Polynomial Surrogate Training for Differentiable Ternary Logic Gate Networks

Abstract

Differentiable logic gate networks (DLGNs) learn compact, interpretable Boolean circuits via gradient-based training, but all existing variants are restricted to the 16 two-input binary gates. Extending DLGNs to Ternary Kleene K3 logic and training DTLGNs where the UNKNOWN state enables principled abstention under uncertainty is desirable. However, the support set of potential gates per neuron explodes to 19,683, making the established softmax-over-gates training approach intractable. We introduce Polynomial Surrogate Training (PST), which represents each ternary neuron as a degree-(2,2) polynomial with 9 learnable coefficients (a 2,187× parameter reduction) and prove that the gap between the trained network and its discretized logic circuit is bounded by a data-independent commitment loss that vanishes at convergence. Scaling experiments from 48K to 512K neurons on CIFAR-10 demonstrate that this hardening gap contracts with overparameterization.

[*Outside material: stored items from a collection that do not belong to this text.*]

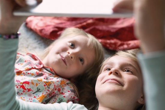 Ratio 16_9-Kids taking selfie on floor with tablet at home
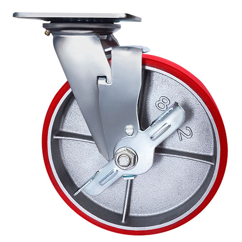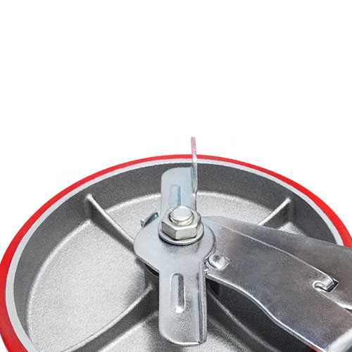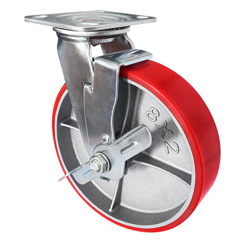 Колесо большегрузное полиуретановое поворотное с тормозом Longway SCPB63 предназначено для оснащения складского, транспортного строительного оборудования и тяжелых механизмов. Шинка выполнена из полиуретана. Материал отличается высокой износостойкостью и большой грузоподъемностью. Колесо отлично переносит динамические, статические и ударные нагрузки, хорошо служит на любых твердых поверхностях. Обод выполнен из чугуна, оснащен роликовым подшипником в оси и смазочным ниппелем. В поворотном механизме установлен двухрядный шариковый подшипник с пресс-масленкой. Кронштейн — сварной, изготовлен из оцинкованной листовой стали. Диапазон температур — от -35ºC до +50ºC.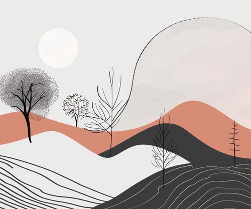 Plakat z serii boho zatytułowany Półcień Widoku.Plakat przedstawia oniryczny pejzaż, gdzie delikatne linie drzew przenikają przez łagodne, faliste wzgórza. Ciepłe odcienie czerwieni i różu przeplatają się z chłodniejszymi szarościami i czernią, tworząc poczucie głębi i spokoju. Subtelna tekstura na niektórych elementach dodaje wrażenia ruchu, a biała sfera w tle przywołuje skojarzenia z pełnią księżyca lub wschodzącym słońcem. Dzieło idealnie wpasuje się w wnętrza o spokojnym charakterze, takie jak stylowe sypialnie, czytelnie lub pokoje relaksacyjne. Może również przynieść element ukojenia i inspiracji do przestrzeni współpracujących, zapewniając wizualną odskocznię od codzienności. Zapewni miękki kontrast we wnętrzach urządzonych w naturalnych materiałach i odcieniach.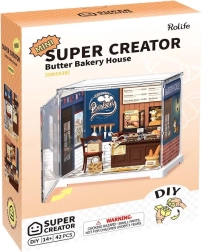 Oplev miniatureverdenen med RoboTime 3D-puslespil mini-bageri. Takket være veludførte detaljer og den beskyttende vitrine skiller den sig ud som et unikt indslag på en hylde eller et skrivebord. Sættet leveres usamlet med en detaljeret vejledning – med lidt tålmodighed skaber du en imponerende mini-scene.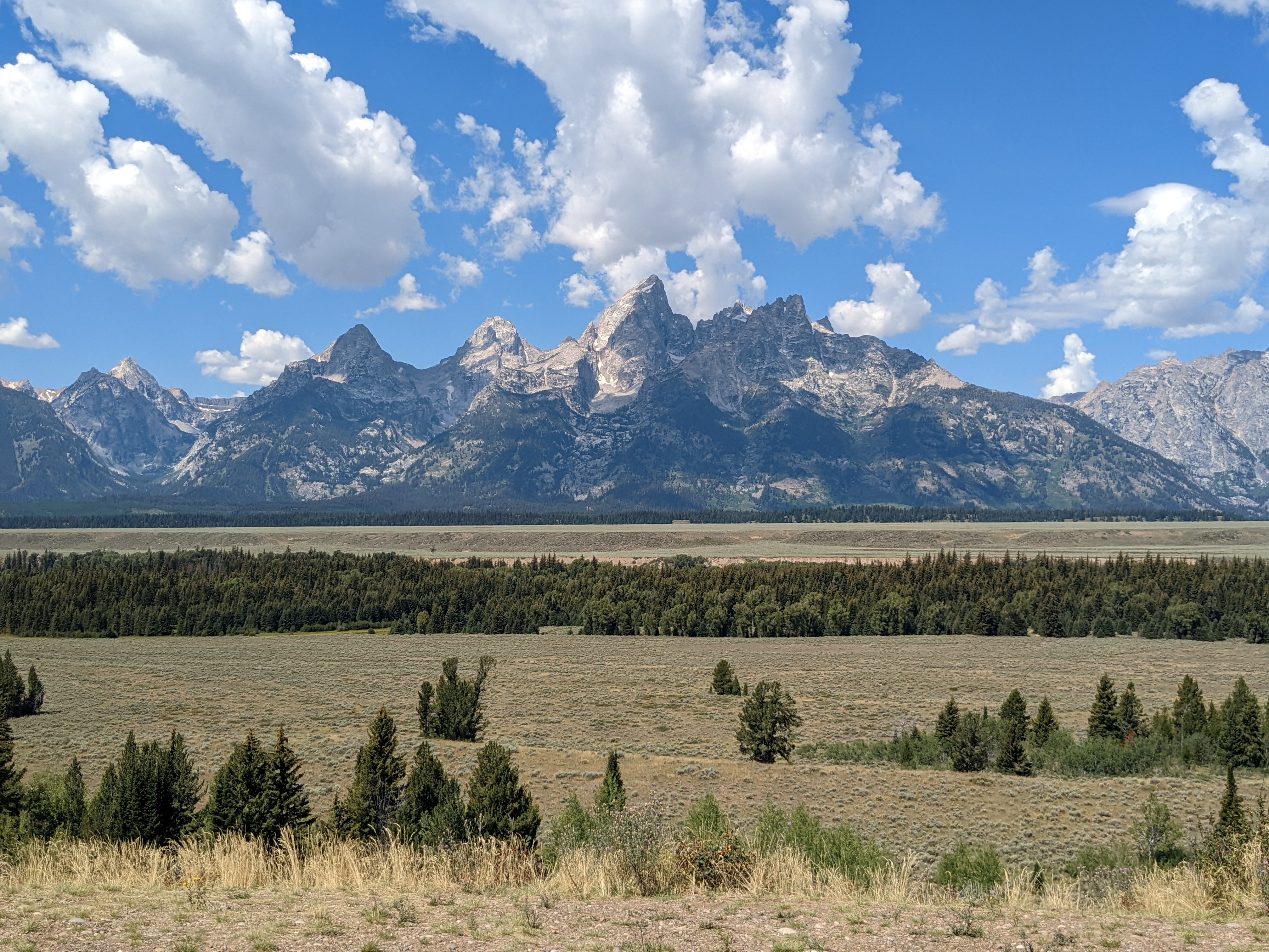 Glacier View turnout and Teton point turnout offer the grand view of Grand Teton and the Teton mountain ranges. Grand teton looks grand and distinct.

Ternary networks train 2-3× faster than binary DLGNs and discover true ternary gates that are functionally diverse. On synthetic and tabular tasks we find that the UNKNOWN output acts as a Bayes-optimal uncertainty proxy, enabling selective prediction in which ternary circuits surpass binary accuracy once low-confidence predictions are filtered. More broadly, PST establishes a general polynomial-surrogate methodology whose parameterization cost grows only quadratically with logic valence, opening the door to many-valued differentiable logic.